The only issue I can think of right now is the installation of the different packages we used in this chapter, which can be challenging using pip on Windows or MacOS. If you get stuck with using pip to install any packages, try these two steps:

  1. Use Google to research your installation problems with pip.

  2. If Google is of no help, use Conda to manage your environment and library installation.

Conda installers can be found on the Conda website.

Once installed, this is how you use it:

$ conda create -n server-locations python=3.8
$ conda activate server-locations
(server-locations) $ conda install -r requirements.txt

Note

Conda is an alternative environment and package management system that is popular in data science. Some of the packages we are using in this chapter have lots of support from the Conda community, which is why we present it here as an alternative.

9.7 Next steps

There was a big issue with this plot of ours. No matter how beautiful it is, it does not provide us accurate information. A lot of companies have multiple servers and they load-balance between them and the exact server which responds to the query is decided based on multiple factors including where the query originated from. For instance, if I try accessing a website from Europe, a European server might respond as compared to an American server if I access the same website from the US. Try to figure out if you can change something in this plot to bring it closer to the truth.
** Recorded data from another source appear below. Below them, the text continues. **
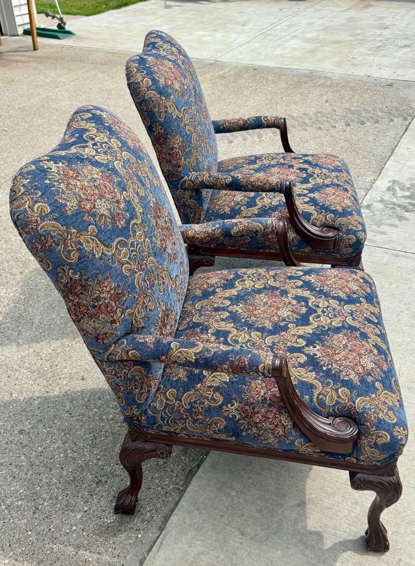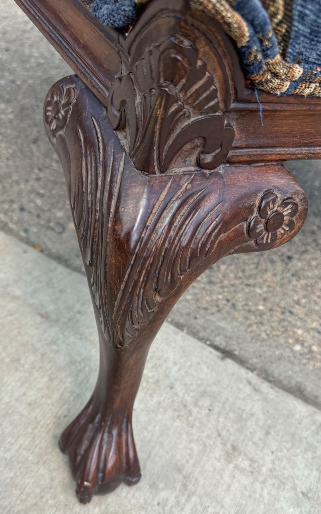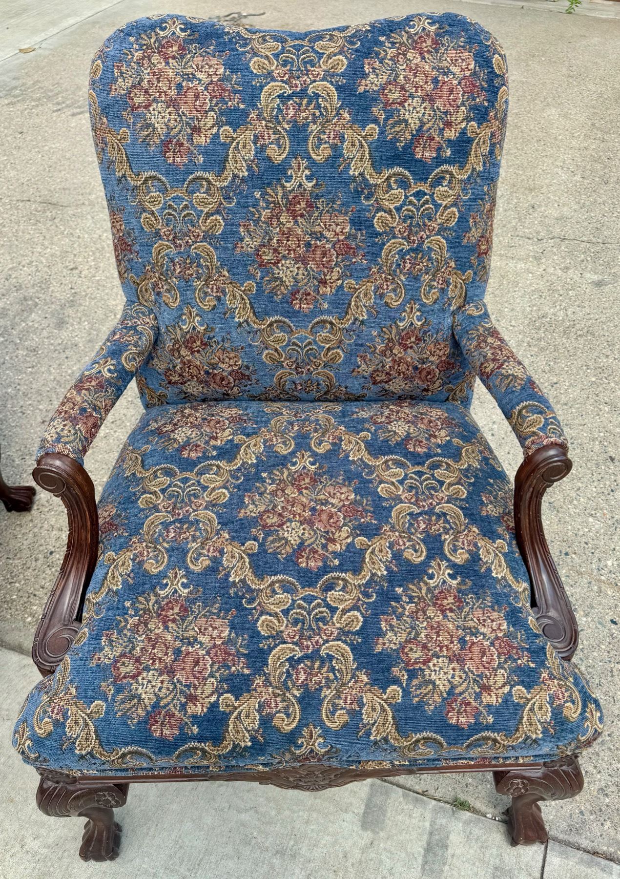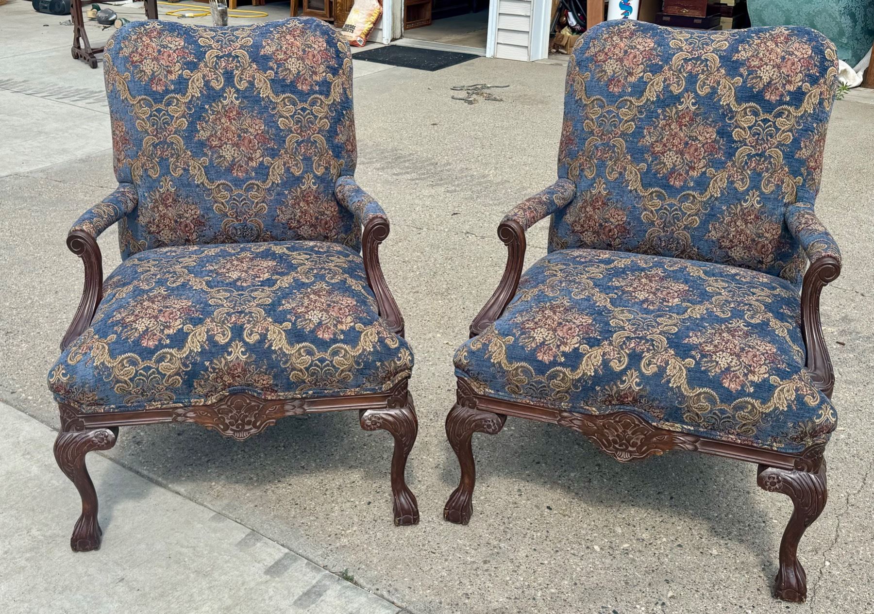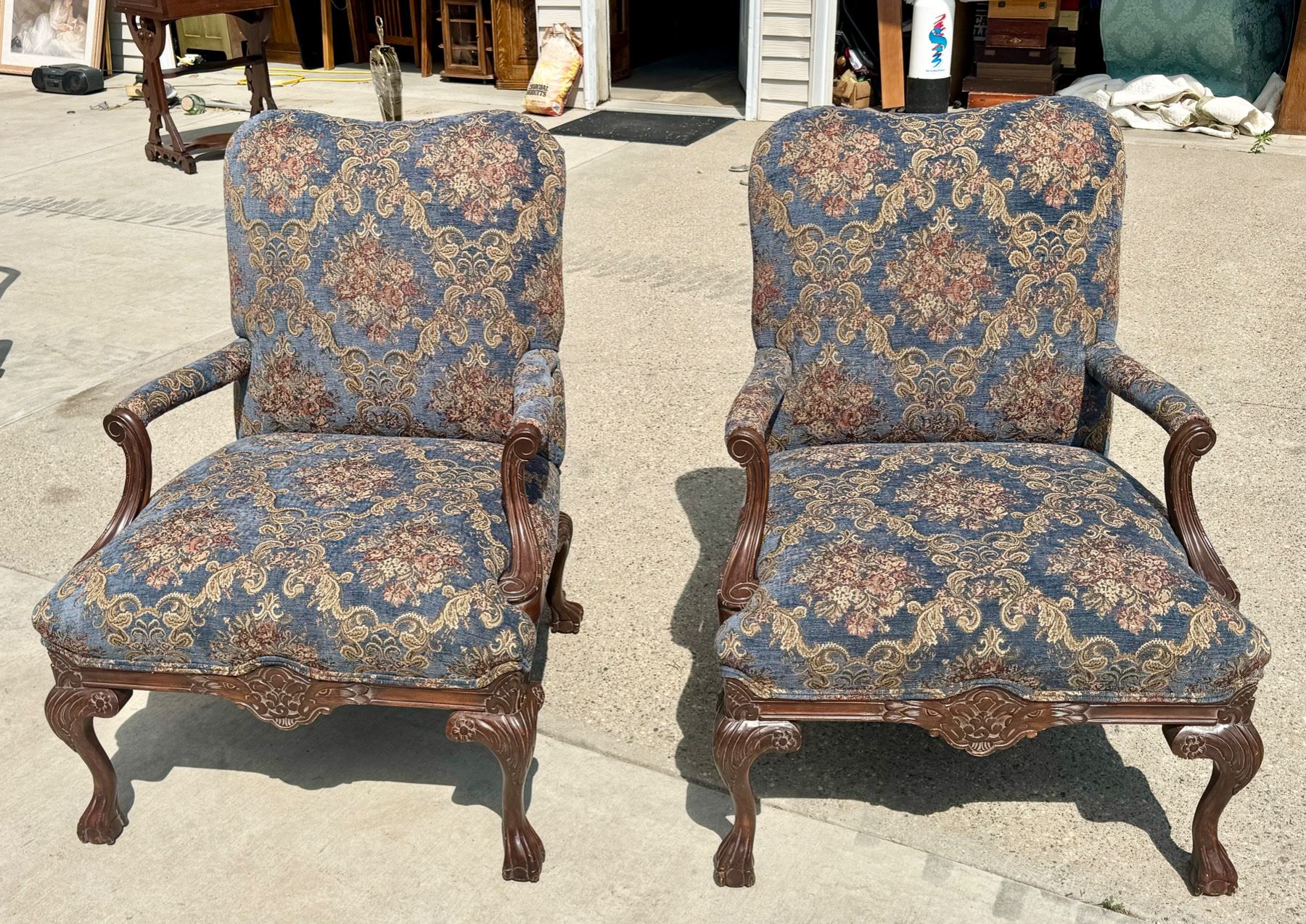 VINTAGE GEORGIAN STYLE CARVED MAHOGANY TAPESTRY ARMCHAIRS, PAIR
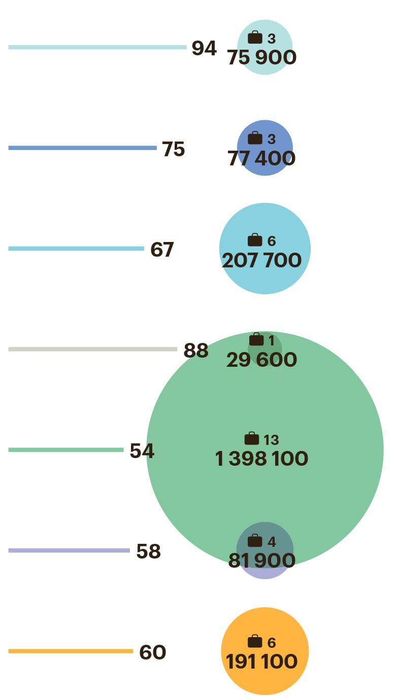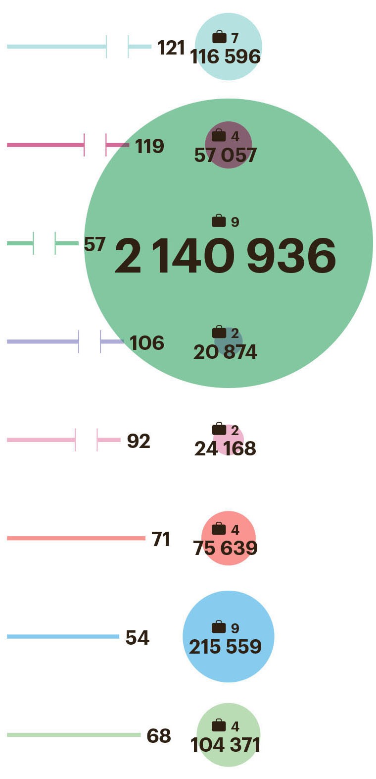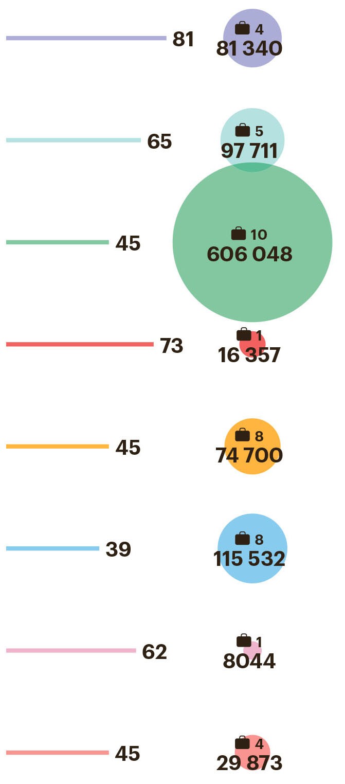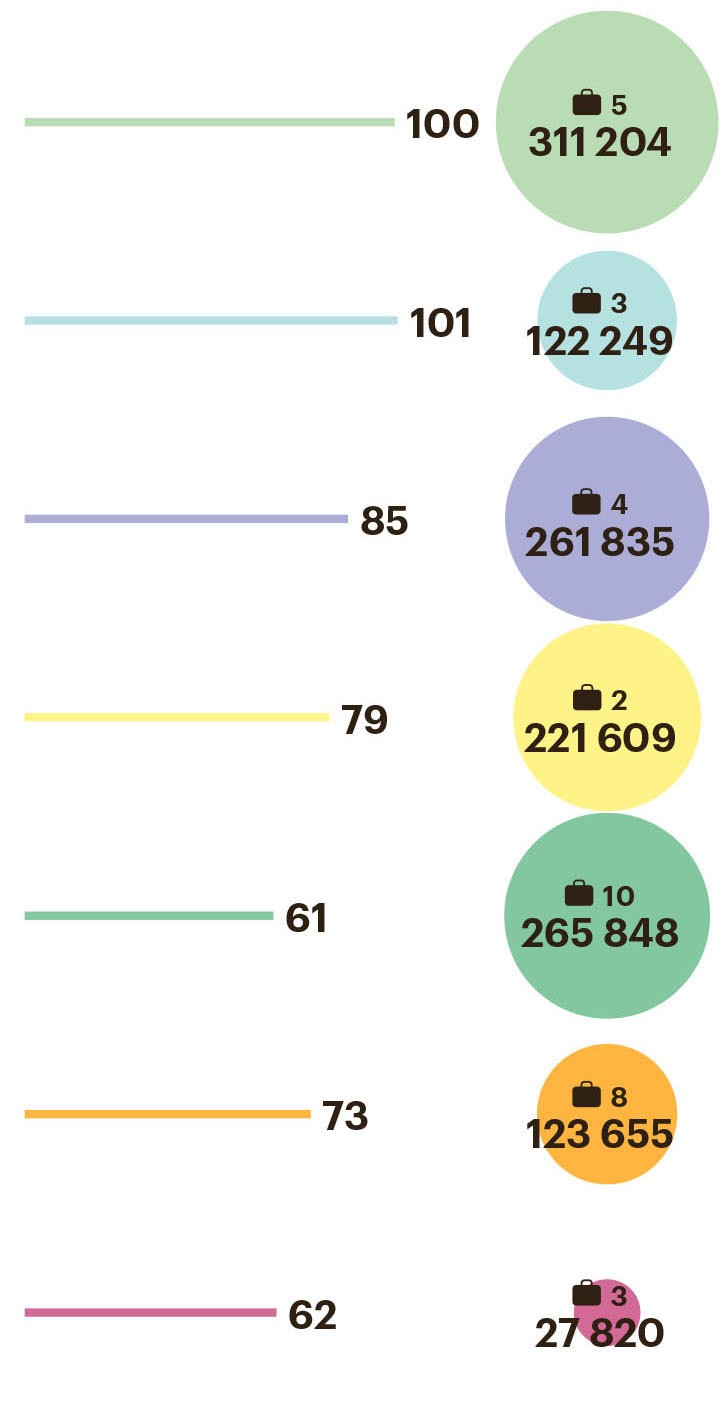 Примечательно, что розничная торговля никогда не была лидером по темпам роста среди других отраслей рейтинга, и ни один представитель ретейла не занимал первую строчку рейтингов (хотя сеть «Красное & Белое» остается единственной компанией, которая была в списке быстрорастущих пять раз подряд, увеличив за это время выручку более чем в семь раз). В этом смысле лучшие показатели у отрасли «транспорт», которая не опускается ниже второй строчки по темпам роста его представителей в рейтингах последних лет. Количество транспортных компаний в рейтингах все время растет: если в 2015 году их было три, то в 2018-м уже семь.
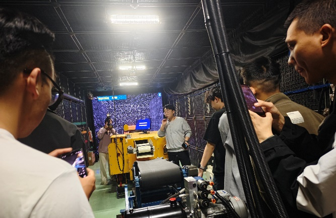实习第二站,教学团队组织参观该校新建的智能化模拟矿井实训基地。该基地1:1复刻的井下作业系统包含:综采工作面数字孪生平台;智能通风监测预警系统;应急救援虚拟仿真训练舱。学生在教师指导下完成巷道避灾路线规划、瓦斯监测设备操作等实景训练,建立起对煤矿安全生产流程的直观认知。

This is a very important stats lesson as well. No matter how beautiful the plot is, if the underlying dataset is not correct, the whole output is garbage. When you look at any visualization always ask yourself if the underlying data is correct and reliable or not.

Also, take a look at how you can use blit for faster plotting animation. It will greatly speed up the animation rendering. It basically involves reducing the amount of stuff matplotlib has to render on screen for each frame.

I hope you learned something new in this chapter. I will see you in the next one!